The results, however, are expected to be a major disappointment for students who had completed Class XII examinations this year, since most of them are unlikely to find themselves on the list of qualifiers. Students who have finished Class XII examinations during the previous year but failed to clear NEET, persist with their attempts and attend coaching classes. Such students are expected to garner a large share of medical seats this year too and the trend of first-timers losing out in the competition will continue. Again, students who failed to qualify this year will flock the coaching centres, resulting in a vicious cycle.

When the medical and engineering admissions were carried out in Tamil Nadu based on Class XII examinations, some students used to appear for improvement in the same examinations conducted again since the new marks were taken into account for medical admissions. This procedure created a new trend of Class XII repeaters getting a large chunk of the medical seats.

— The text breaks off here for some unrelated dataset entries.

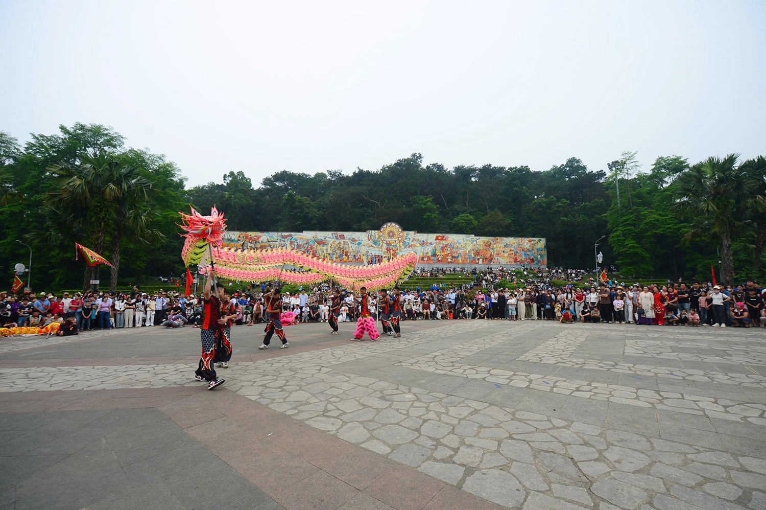 Múa rồng phục vụ du khách tại Khu Di tích lịch sử Đền Hùng.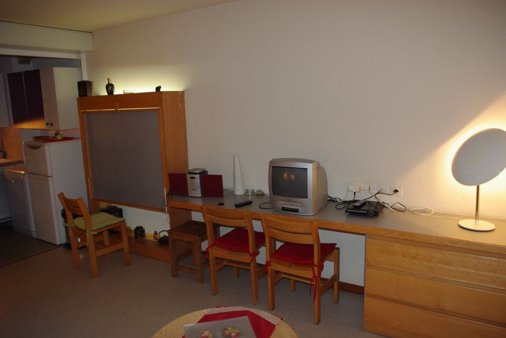 - Pièce à vivre: Coin repas, 1 lit double (2 pers 140X190) , rangements, télévision.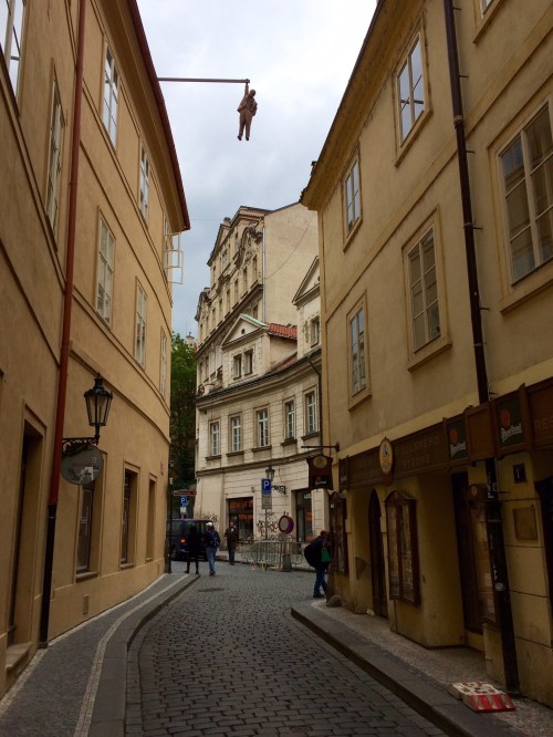 It was mid-afternoon so we decided to head back to the hotel to rest and freshen up before going back out for dinner. As we turned down Husova Street near the hotel, we looked up to see somebody hanging on for dear life up above us: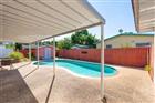 Welcome to this charming and well-cared-for 3-bedroom, 2-bath home located on a quiet interior street close to shopping, schools, and major airports. The home features a fenced pool with a covered patio area—perfect for relaxing or entertaining—and a spacious backyard complete with a storage shed. Inside, you’ll enjoy a recently updated kitchen with modern finishes and new appliances, along with new porcelain tile flooring throughout the main living areas. Additional highlights include crown molding, a tankless water heater, an indoor washing machine, and extra storage/workspace in the carport area. The large front porch offers a welcoming space to unwind and enjoy the breeze. A fantastic opportunity to own a well-kept home in a desirable, family-friendly community.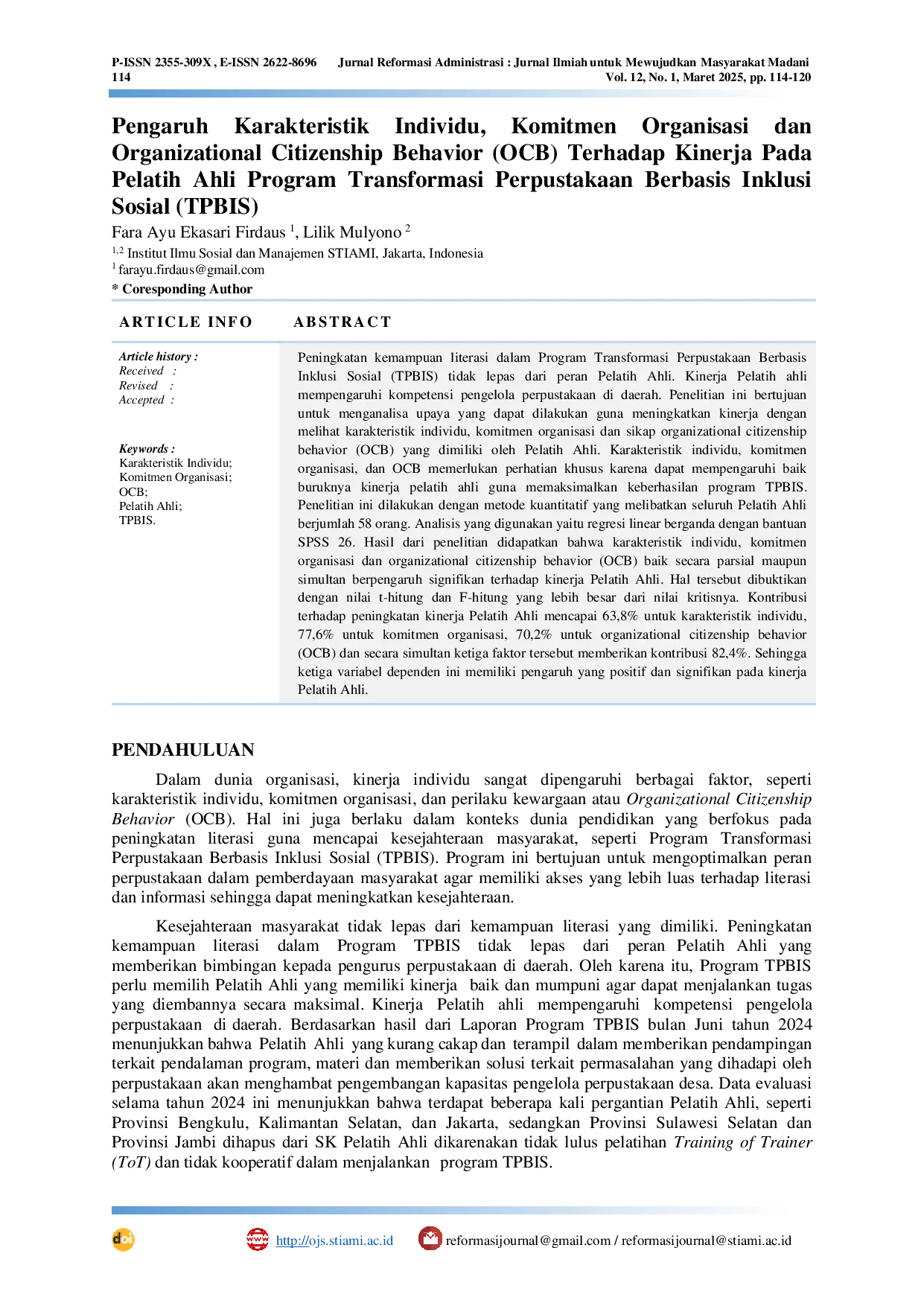 Reformasi AdministrasiReformasi AdministrasiPeningkatan kemampuan literasi dalam Program Transformasi Perpustakaan Berbasis Inklusi Sosial (TPBIS) tidak lepas dari peran Pelatih Ahli. Kinerja Pelatih ahli mempengaruhi kompetensi pengelola perpustakaan di daerah. Penelitian ini bertujuan untuk menganalisa upaya yang dapat dilakukan guna meningkatkan kinerja dengan melihat karakteristik individu, komitmen organisasi dan sikap organizational citizenship behavior (OCB) yang dimiliki oleh Pelatih Ahli. Karakteristik individu, komitmen organisasi, dan OCB memerlukan perhatian khusus karena dapat mempengaruhi baik buruknya kinerja pelatih ahli guna memaksimalkan keberhasilan program TPBIS.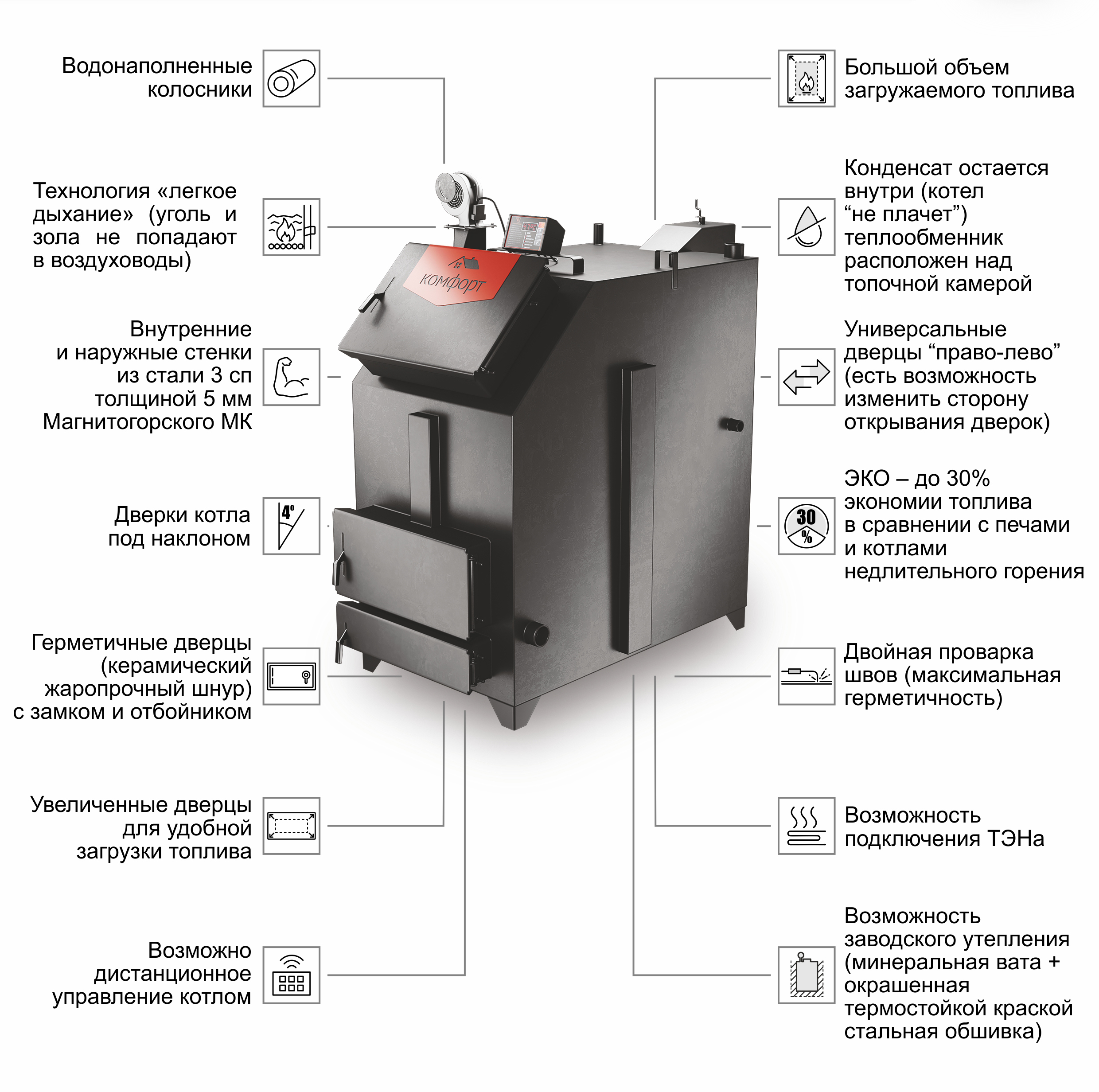 Котел твердотопливный длительного горения Комфорт Практик 20кВт предназначен для отопления индивидуальных жилых домов и производственных помещений общей площадью до 150 м². Изготовлен из прочной стали Ст3сп толщиной 5 мм, оснащён горизонтальным теплообменником (что исключает образование конденсата снаружи) и инновационной системой воздуховодов и форсунок «Лёгкое дыхание» (форсунки расположены под наклоном к топке, что не позволяет продуктам горения их «забивать», котлу легче дышится).

The emergence of such a tendency finally forced the state government to abandon the system of taking the improvement marks into consideration. Now the rising pattern of repeaters taking away most of the medical seats has led to serious introspection and educationists urge immediate measures to stop the unhealthy trend.

GR Ravindranath, general secretary, Doctors Association for Social Equality, said a case on fixing age limits for NEET examination is pending in the Supreme Court. He says, “There is consensus in Tamil Nadu that the state must be exempted from NEET, which makes coaching by private institutes mandatory for medical aspirants. The present system helps private coaching centres to make money”. However, banning students from appearing for NEET for the second time will crush the ambitions of several students, he pointed out and suggested a compromise formula of giving concession marks for first time candidates to render justice to the students. A decision on these lines should be taken after consultations, Ravindranath added.